*** Available data Section Begins ***

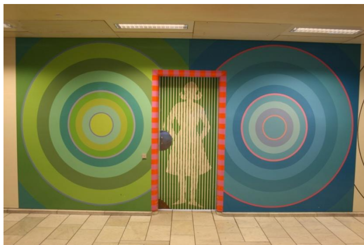
Poul Gernes. Udsmykning på Herlev hospital.
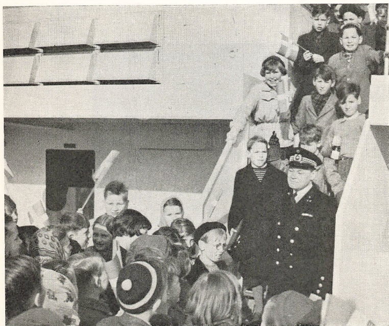
Ombord på »Jens Bang«.

30. marts modtog eleverne fra 5. og 4. klasserne »Jens Bang« med »Jylland mellem tvende have« og inviteredes derefter på en forfriskning ombord.
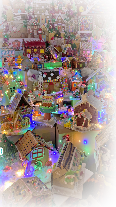
▲優才過百個家庭合力組成的聖誕村
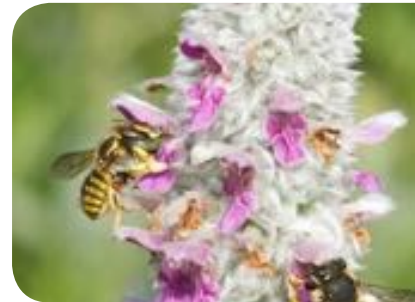
Anthidie sur inflorescence de Stachys byzantina

Ce ne sont ici que quelques exemples parmi d'autres, mais on le voit, nos pollinisateurs ont besoin de beaucoup plus que de quelques fleurs pour boucler leur cycle de vie... et tout l'enjeu des aménagements est de comprendre ces « réseaux écologiques » qui rendent interdépendantes les espèces animales et végétales de notre environnement pour mieux renforcer leur présence.
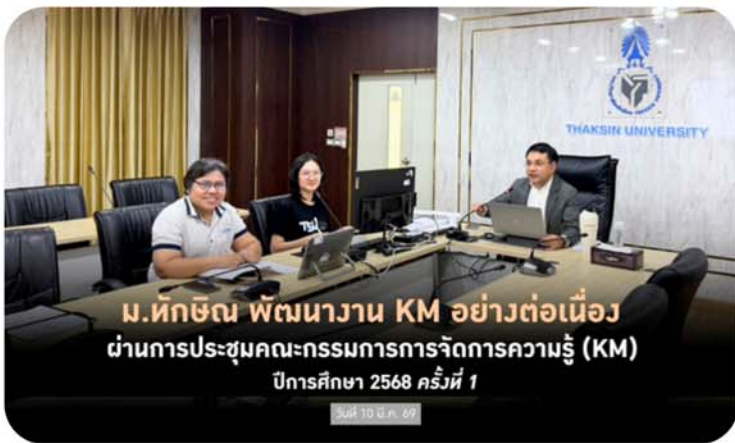
ม.ทักษิณ พัฒนางาน KM อย่างต่อเนื่อง ผ่านการประชุมคณะกรรมการการจัดการความรู้ (KM) ปีการศึกษา 2568 ครั้งที่ 1

หารือแนวทางและวางระบบการจัดการความเสี่ยงร่วมกับโรงเรียนสาธิต ม.ทักษิณ ฝ่ายมัธยม เพื่อร่วมแลกเปลี่ยนความคิดเห็นและวางแนวทางการบริหารจัดการความเสี่ยงของโรงเรียน ให้เป็นไปตามหลักเกณฑ์อย่างมีประสิทธิภาพและเกิดความเข้าใจในทิศทางเดียวกัน
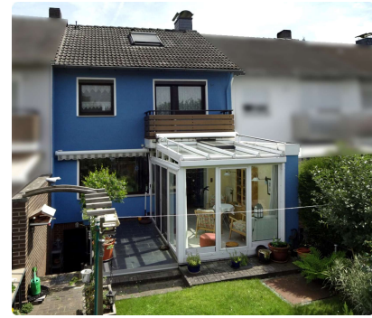
Ihr neues Zuhause
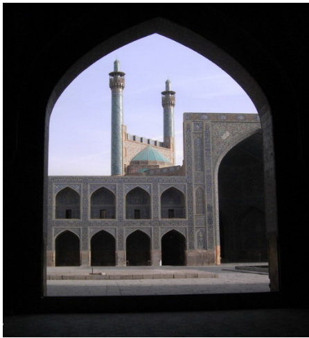
شکل ۵. صحن و ایوان ورودی مسجد امام اصفهان،

در معماری فضا نیز نهادینه بوده و قابل درک و فهم است (شکل ۵ مسجد امام اصفهان). پس میزان توفیق اثر به دو عامل بستگی دارد؛ اول میزان دست‌یابی هنرمند و یا صنعت‌گر به ذخیره الهی و یا میزان تقرب او به حق و حقیقت، و همچنین میزان برخورداری مخاطبین از ذخائر معنوی و روحانی که سبب کشف و تجربه باطن و پیام‌های درونی اثر می‌شود.
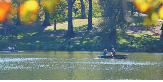
ボツカリとのんびりした日溜まりが小春日和の水面に漂う

工場も取材して臨み、クルーシヤンやものづくりの根底にある武士道やおもてなしといった精神性も伝えることができたと思えます。午後はグループ別の討論会などが行われた。同日は参加6校がニ
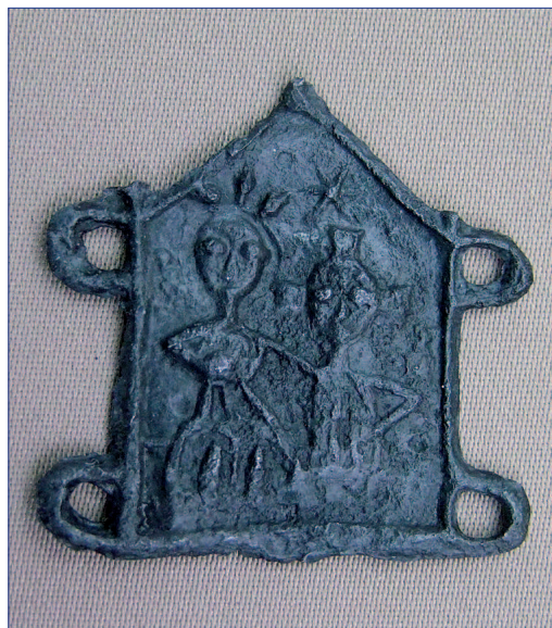
Fot. 11. Znak pielgrzymi IP 1001. Stan po konserwacji
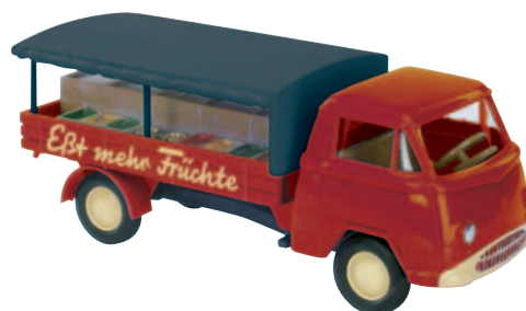
10329 Matador I „Eßt mehr Früchte“ für den Wochenmarkt
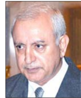
د. بدر العيسى

أو غير مباشرة على الكراهية أو التطرف. وقال العيسى في حديث خاص لـ «الأنباء»: «ان القضية الأولى التي أوليتها الاهتمام الأكبر منذ تسلمي مهام الوزارة كانت المناهج، وتحديدا منهجي التربية الإسلامية واللغة العربية، حيث وجدت أن قضية المناهج تركت تقريبا لم يلتفت إليها أحد مع الأسف من المسؤولين السابقين. ومنذ مدة أتابع مع القائمين على قطاع المناهج من أجل تطويرها، حتى أصبحنا اليوم على أبواب
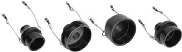
Цельные адаптеры для моделей LPD-HD-T и LPD-HD-RV
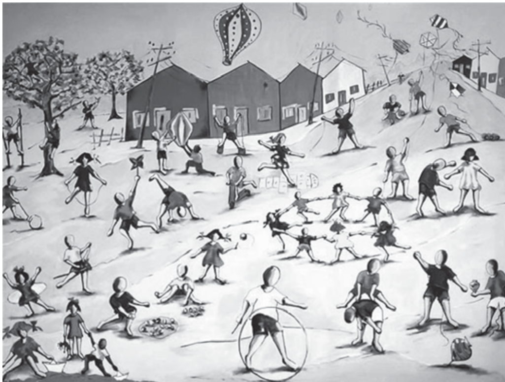
CRUZ, I. Crianças na praça. Acrílico sobre tela, 1,30 x 1,70. Coleção particular, 1990.

Disponível em: www.brincadeirasdecrianca.com.br . Acesso em: 8 set. 2014.

*** Available data Section Ends ***

Requirement
Give again the stretch of the entries above that begins at the line with "Ce ne sont ici" and ends at the line with "ボツカリとのんびりした日溜まりが小春日和の水面に漂う", word for word, with no pictures.

Completed task
Ce ne sont ici que quelques exemples parmi d'autres, mais on le voit, nos pollinisateurs ont besoin de beaucoup plus que de quelques fleurs pour boucler leur cycle de vie... et tout l'enjeu des aménagements est de comprendre ces « réseaux écologiques » qui rendent interdépendantes les espèces animales et végétales de notre environnement pour mieux renforcer leur présence.
ม.ทักษิณ พัฒนางาน KM อย่างต่อเนื่อง ผ่านการประชุมคณะกรรมการการจัดการความรู้ (KM) ปีการศึกษา 2568 ครั้งที่ 1

หารือแนวทางและวางระบบการจัดการความเสี่ยงร่วมกับโรงเรียนสาธิต ม.ทักษิณ ฝ่ายมัธยม เพื่อร่วมแลกเปลี่ยนความคิดเห็นและวางแนวทางการบริหารจัดการความเสี่ยงของโรงเรียน ให้เป็นไปตามหลักเกณฑ์อย่างมีประสิทธิภาพและเกิดความเข้าใจในทิศทางเดียวกัน
Ihr neues Zuhause
شکل ۵. صحن و ایوان ورودی مسجد امام اصفهان،

در معماری فضا نیز نهادینه بوده و قابل درک و فهم است (شکل ۵ مسجد امام اصفهان). پس میزان توفیق اثر به دو عامل بستگی دارد؛ اول میزان دست‌یابی هنرمند و یا صنعت‌گر به ذخیره الهی و یا میزان تقرب او به حق و حقیقت، و همچنین میزان برخورداری مخاطبین از ذخائر معنوی و روحانی که سبب کشف و تجربه باطن و پیام‌های درونی اثر می‌شود.
ボツカリとのんびりした日溜まりが小春日和の水面に漂う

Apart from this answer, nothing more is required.